- [Task requirements] Below are records with pictures; copy word for word only the lines between the line with "Brighton đang sở" and the line with "Comò a 5 cassetti, misure", inclusive, and drop the pictures.

- [The input]
--- START ---
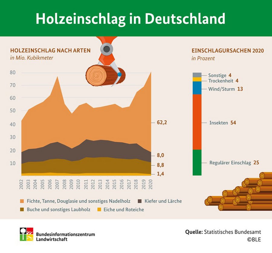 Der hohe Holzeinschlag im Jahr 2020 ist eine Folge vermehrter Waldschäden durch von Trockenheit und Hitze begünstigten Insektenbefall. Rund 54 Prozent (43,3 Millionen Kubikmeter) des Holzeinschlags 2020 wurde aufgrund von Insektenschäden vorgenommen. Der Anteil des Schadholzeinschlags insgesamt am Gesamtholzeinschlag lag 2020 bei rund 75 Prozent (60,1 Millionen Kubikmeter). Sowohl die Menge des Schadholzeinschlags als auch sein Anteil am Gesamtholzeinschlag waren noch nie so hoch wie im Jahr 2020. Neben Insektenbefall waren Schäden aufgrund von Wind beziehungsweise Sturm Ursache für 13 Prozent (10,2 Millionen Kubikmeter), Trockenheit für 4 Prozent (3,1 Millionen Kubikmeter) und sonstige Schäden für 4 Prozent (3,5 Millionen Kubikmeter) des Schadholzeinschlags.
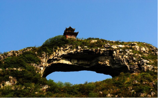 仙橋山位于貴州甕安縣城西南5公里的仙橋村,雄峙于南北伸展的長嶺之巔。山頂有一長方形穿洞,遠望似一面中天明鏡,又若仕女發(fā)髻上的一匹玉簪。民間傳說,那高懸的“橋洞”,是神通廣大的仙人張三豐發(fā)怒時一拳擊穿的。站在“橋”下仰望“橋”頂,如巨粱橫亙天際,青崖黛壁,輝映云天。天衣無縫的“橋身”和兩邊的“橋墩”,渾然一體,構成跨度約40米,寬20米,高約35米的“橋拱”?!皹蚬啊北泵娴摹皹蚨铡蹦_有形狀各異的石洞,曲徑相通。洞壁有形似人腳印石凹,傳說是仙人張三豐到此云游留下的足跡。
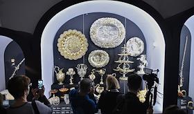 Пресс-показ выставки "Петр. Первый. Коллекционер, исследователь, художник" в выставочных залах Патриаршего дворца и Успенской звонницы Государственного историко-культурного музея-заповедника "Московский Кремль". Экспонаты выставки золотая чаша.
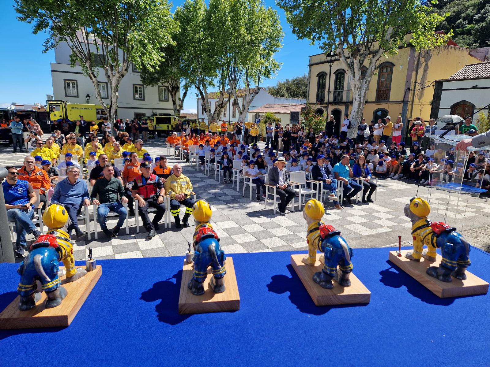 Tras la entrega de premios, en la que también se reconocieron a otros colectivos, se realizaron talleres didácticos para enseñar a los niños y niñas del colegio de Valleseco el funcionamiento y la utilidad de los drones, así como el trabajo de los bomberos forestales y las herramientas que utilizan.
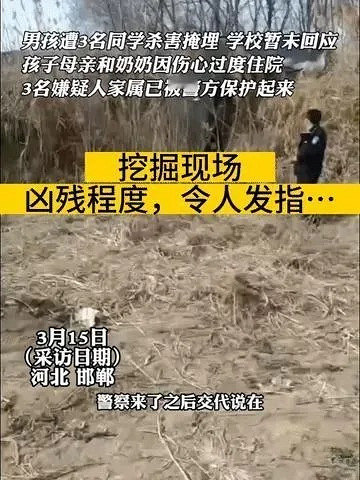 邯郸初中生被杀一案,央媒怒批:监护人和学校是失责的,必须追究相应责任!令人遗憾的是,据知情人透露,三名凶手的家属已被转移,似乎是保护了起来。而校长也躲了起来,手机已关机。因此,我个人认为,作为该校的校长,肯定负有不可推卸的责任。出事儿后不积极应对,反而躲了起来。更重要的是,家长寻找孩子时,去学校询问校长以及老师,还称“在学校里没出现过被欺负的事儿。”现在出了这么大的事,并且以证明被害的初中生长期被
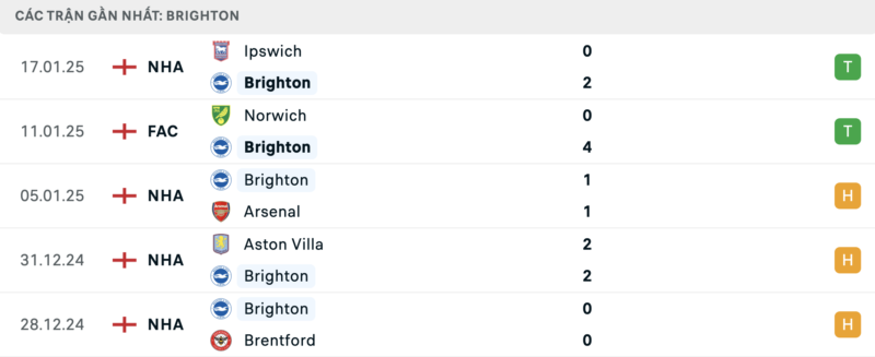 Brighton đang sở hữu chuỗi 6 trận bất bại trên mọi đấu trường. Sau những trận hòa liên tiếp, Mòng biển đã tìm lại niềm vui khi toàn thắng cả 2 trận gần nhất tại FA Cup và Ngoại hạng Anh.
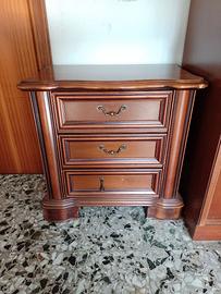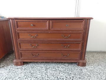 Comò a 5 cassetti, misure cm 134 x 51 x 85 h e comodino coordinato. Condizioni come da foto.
--- END ---
--- START ---
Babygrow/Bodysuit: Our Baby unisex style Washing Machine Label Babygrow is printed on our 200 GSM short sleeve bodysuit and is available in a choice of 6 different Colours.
--- END ---
- [Task output]
 Brighton đang sở hữu chuỗi 6 trận bất bại trên mọi đấu trường. Sau những trận hòa liên tiếp, Mòng biển đã tìm lại niềm vui khi toàn thắng cả 2 trận gần nhất tại FA Cup và Ngoại hạng Anh.
 Comò a 5 cassetti, misure cm 134 x 51 x 85 h e comodino coordinato. Condizioni come da foto.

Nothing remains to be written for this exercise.